> **Exercise directions**
Gather every line below where "ЧАЭС" appears.

Start of Data under study

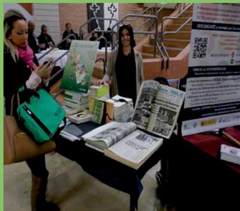
Guía impresa: distribuida en cartera de los congresistas
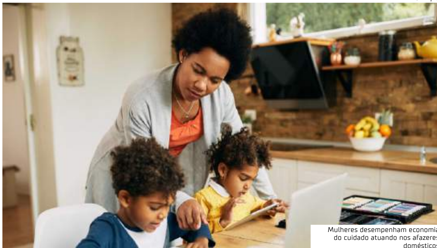
Mulheres desempenham economia do cuidado atuando nos afazeres domésticos

Outro apontamento da ganhadora do Nobel é a questão
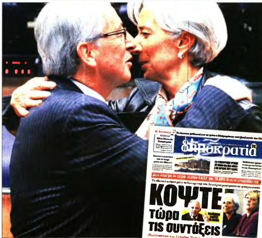
Η Κριστίν Λαγκαγκάντ και ο Ζαν Κλοντ Γιούνγκερ. Δυσόινες οι εκτιμήσεις ΔΝΤ και Κομισιόν. Δεξιά: Το πρωτοσέλιδο της «δημοκρατίας» στις 23/2/2017

Πάντως, το Ταμείο σημειώνει ότι οι εκτιμήσεις του
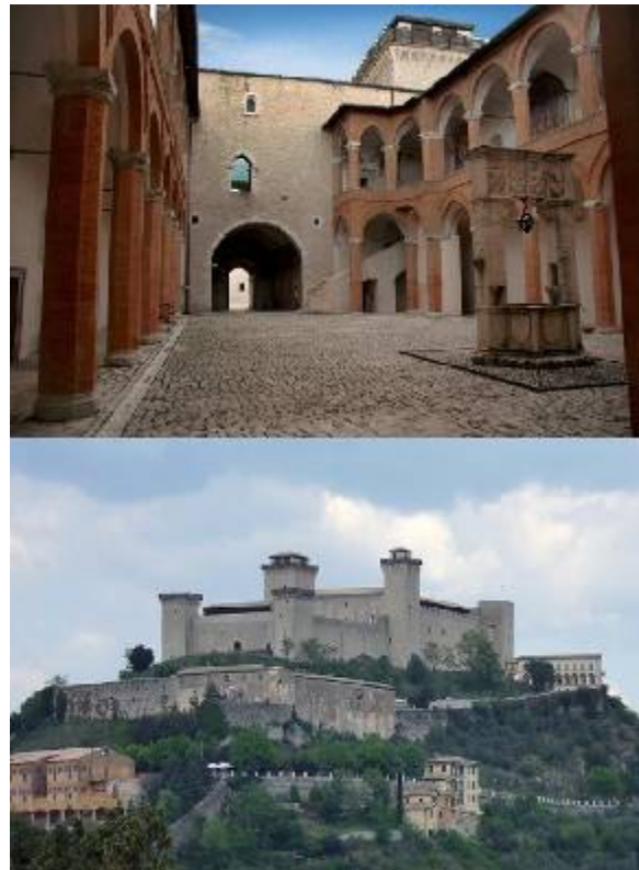
Fig. 4: Rocca de Spoleto. Patio de honor y vista exterior. http://www.assoroccaspoleto.it/ambienti.php [Consultado: 11/09/2012]
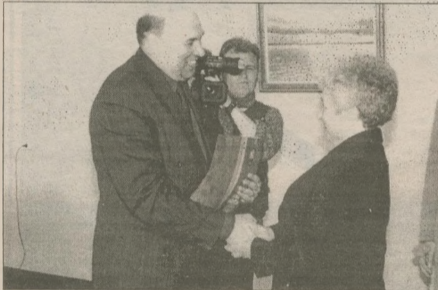
Подавляющее большинство ветеранов-чернобыльцев, приглашенных на торжественную встречу, посвященную 17-летию аварии на ЧАЭС, получили грамоты и благодарности от городского головы и администрации станции.

Отдать дань памяти, несмотря на ветер и мороз, пришли ветераны Чернобыля, члены профсоюза неработающих пенсионеров, администрация города и ЧАЭС, горожане
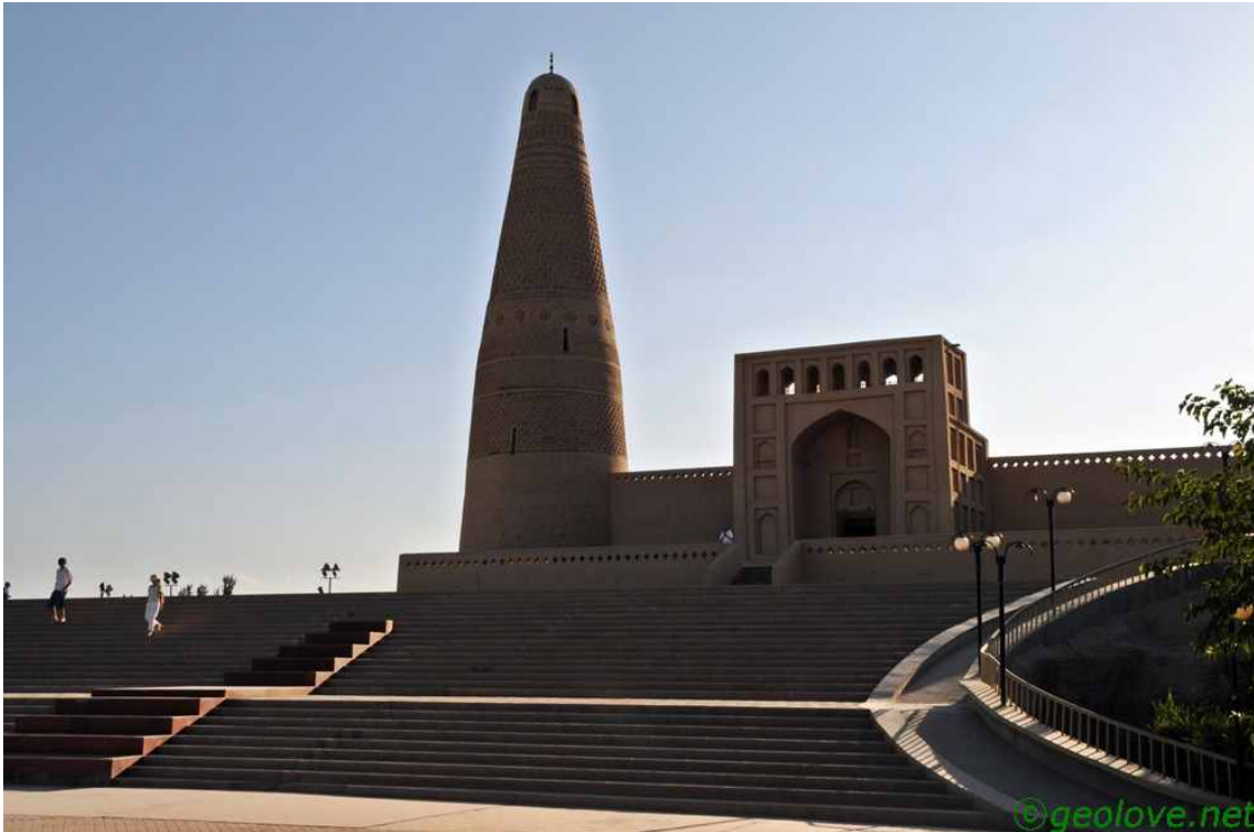
사진 14. 소공탑

년 만에 완성된 탑이다. 소공탑은 다른 위구르 모스크나 이슬람식 탑과 같이 이슬람 전통 양식과 위구르 전통 건축 양식을 결합한 것이라 한다. 소공탑의 마당은 해발 0m의 지점이다(전적으로 가이드의 말에 의한 것이며 신뢰하기 어려운 면이 있음). 주변은 온통 포도원으로 둘러싸여 있다. 이 년 전에는 금요일이라 기도 중이어서 안을 들여다보지 못하였다. 안은 밖의 화려함과 달리 소박하였다. 그것이 이슬람의 특징이라 한다. 잠시 뒤로 돌아가보니 사원의 공동묘지였다. 이년 전에는 보지 못하였던 공동묘지이다. 그러니 한 번 방문하고 모든 것을 보겠다는 것은 지나친 욕심이다. 공동묘지는 이슬람에서도 그 크기에 따라 지위와 신분이 들어난다고 한다. 아주 큰 묘지 옆에 양의 머리가 있는 것이 특이하었다. 묘지를 빠져나오니 저녁 7시이다. 하루가 이렇게 길다니! 바자르라도 들르고 싶지만 모두 만만한 기력이 아닌듯하다. 더구나 오늘 저녁은 미리 하는 파티가 있다. 뭐 별 것은 아니지만 양 바비큐가 기다리고 있다.
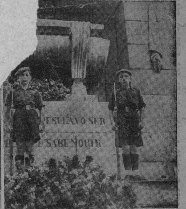
Desde las doce horas de hoy la Falange tiene montada una guardia permanente en el monumento erigido a la memoria de los héroes del Dos de Mayo

BUENOS AIRES 1.—El minis- rio de Asuntos Exteriores de Ar- gentina desmiente las noticias di- fundidas por ciertas agencias nortea- mericanas, según las cuales to- dos los países de América habían adoptado un plan común para la confiscación de los barcos extran- jeros fondeados en los puertos del hemisferio occidental. Se preten- día en estas informaciones que los Estados americanos habían llegado a un acuerdo para vender o arren- dar a Inglaterra todos los barcos extranjeros internados en los puertos americanos que estos países no necesitaran para su navegación mercante. El ministerio de Asuntos Exte- riores ha publicado al mismo tiem- po un comunicado en el que de- clara que mantiene estrictamente su neutralidad, y afirma que no adoptará medidas con respecto a los barcos extranjeros que puedan
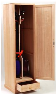
二丁入れ 回転タンス (総桐) (長唄～津軽 兼用)
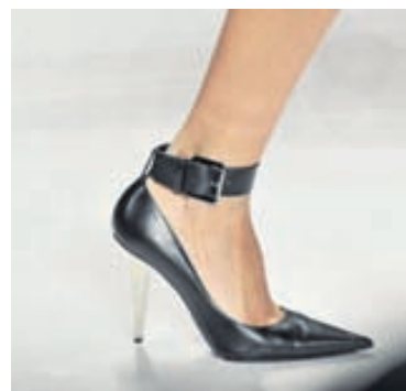
Skór af tískusýningu Michael Kors í New York í febrúar.

End of Data under study

> **Response to this task**
Подавляющее большинство ветеранов-чернобыльцев, приглашенных на торжественную встречу, посвященную 17-летию аварии на ЧАЭС, получили грамоты и благодарности от городского головы и администрации станции.
Отдать дань памяти, несмотря на ветер и мороз, пришли ветераны Чернобыля, члены профсоюза неработающих пенсионеров, администрация города и ЧАЭС, горожане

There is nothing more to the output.